Phase 1 clinical trials have been performed with CYT 99 007 (Cytheris, Inc.), a recombinant non-glycosylated form of human IL-7. Patients have been treated, in dose-escalation trials, with subcutaneous CYT 99 007 in a dose range varying from 3 to 60 mcg/kg/dose (R. Buffet, personal communication). Toxicity effects were minimal and immunological efficacy was confirmed in these studies. Following repeated doses of CYT 99 007, naïve and memory CD4+ and CD8+ T cells were elevated, as were recent thymic emigrants (RTEs) (14). As defined by Ki67 and BCL-2, proliferation and survival of peripheral T cells were also enhanced with IL-7 administration. T cell expansion appeared to be more profound in those patients that had lower baseline T cell counts. This finding is consistent with the role of IL-7 in homeostatic expansion. Further studies with a less immunogenic and appropriately glycosylated form of IL-7 (CYT107, Cytheris) are underway.

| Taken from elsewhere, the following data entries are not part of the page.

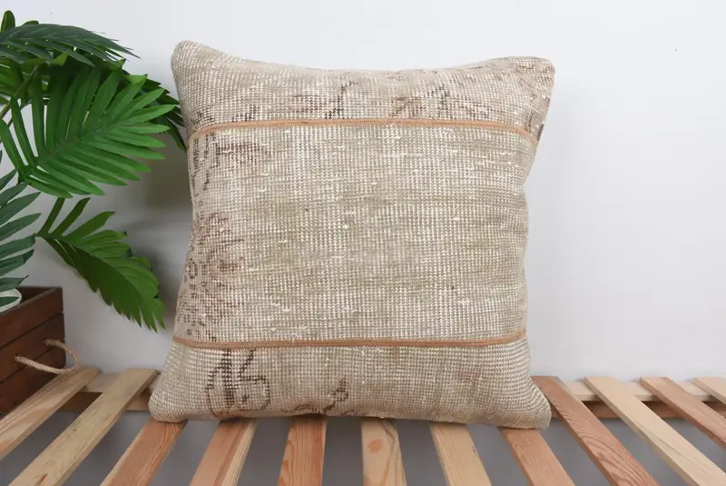 Beige & braunes Patchwork-Wurfkissen, besticktes Vintage-Kissen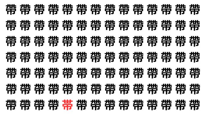 たくさんの「帶」の中に、よく似た別の漢字が1文字だけ隠れています。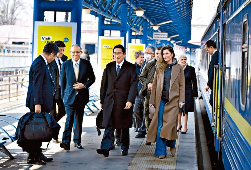 日本電視台NTV的畫面顯示,岸田從波蘭搭乘火車前往基輔。電視台拍攝到岸田於當地時間上午9時過後,在波蘭接近烏克蘭邊界的普熱梅希爾車站登上一列火車,他花了近10小時抵達基輔。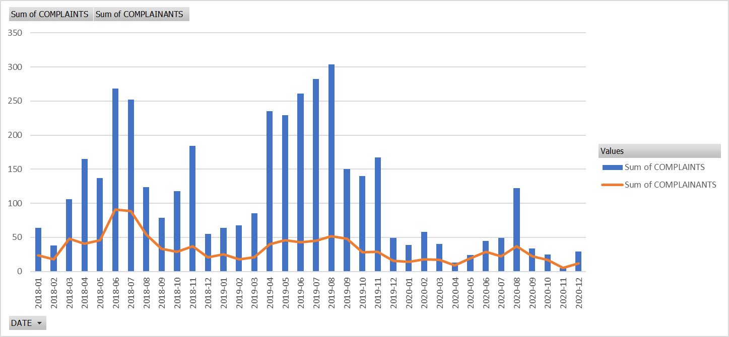 The table below provides data on complaints v complainants per month over the preiod 2018 - 2021 inclusive. It provides you with an overview of the number of complainants contacting Edinburgh Airport over that period. As you can see from the graph below, despite a significant reduction in operations during 2020/2021 due to the world wide COVID pandemic, complaints from our frequent complainants continued in a similar pattern to previous years.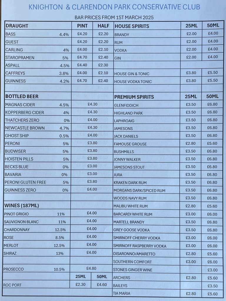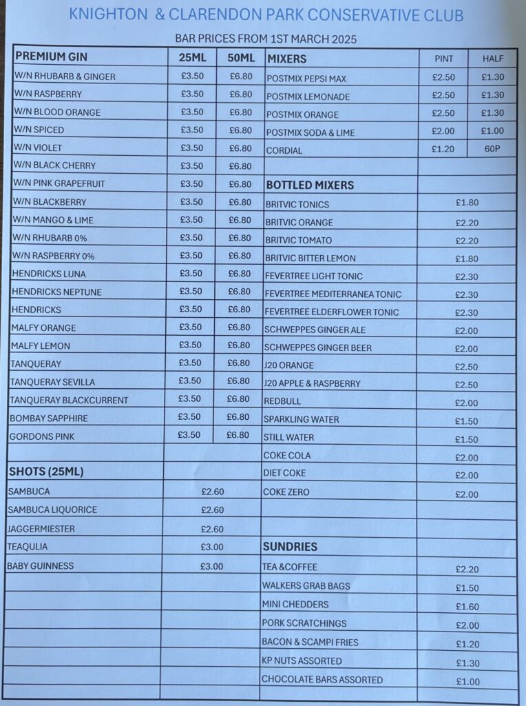 We believe the new prices (the first for 12 months) are very reasonable given the current state of the economy and continuing pressure of constantly increasing running costs. We are also facing a substantial uplift in staffing costs with the double whammy of Living Wage and NI increases next month – these two lines of expenditure alone will raise the wage bill by £7000 – £8000 per annum. Subject to no adverse news in any future budget(s), we hope the prices will remain unchanged until March 2026.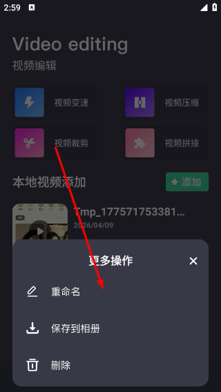 2、在视频列表打开更多操作菜单,可选择重命名保存到相册或删除等管理操作。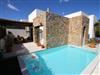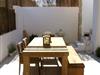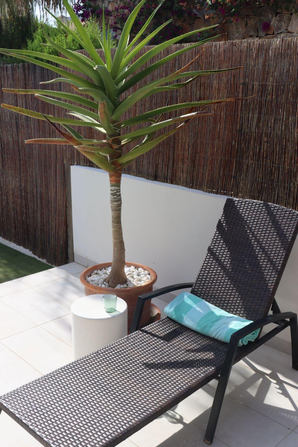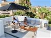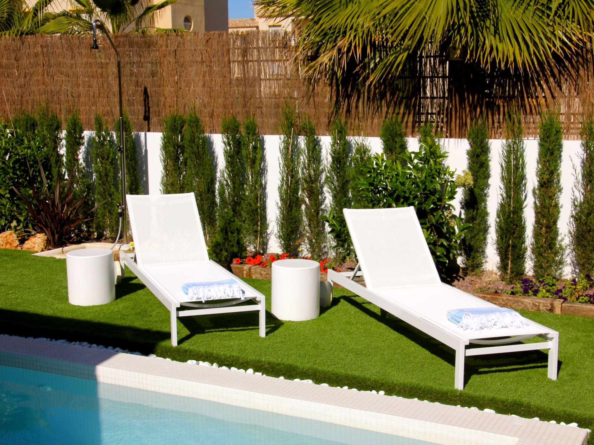 Die beiden Dachterrassen sind mit 4 Liegestühlen und einer Sitzecke mit Platz für 6 Personen ausgestattet. Eine kleine untere Terrasse ist mit einem Tisch mit 4 Stühlen ausgestattet. Die Hauptterrasse ist mit einem Eichentisch für 8 Personen mit Markise mit Blick auf den Pool und die Außendusche ausgestattet

Keratinocyte Growth Factor

Keratinocyte Growth Factor (KGF), also know as fibroblast growth factor 7 (FGF7), is primarily produced by cells of mesenchymal origin and is an epithelial mitogen (summarized in (15)). In the thymus, fibroblasts are the major source of KGF (16). Thymocyte subsets also produce KGF, and their production increases as the thymocytes mature (17). FGFR2IIIb is the only known receptor for KGF and is expressed primarily by epithelial cells (15). In the thymus, FGFR2IIIb is expressed on epithelial cells but not on cells of hematopoietic origin (18). KGF is approved by the FDA for the prophylaxis of oral mucositis in patients receiving high-dose therapy, including myeloablative conditioning associated with HSCT.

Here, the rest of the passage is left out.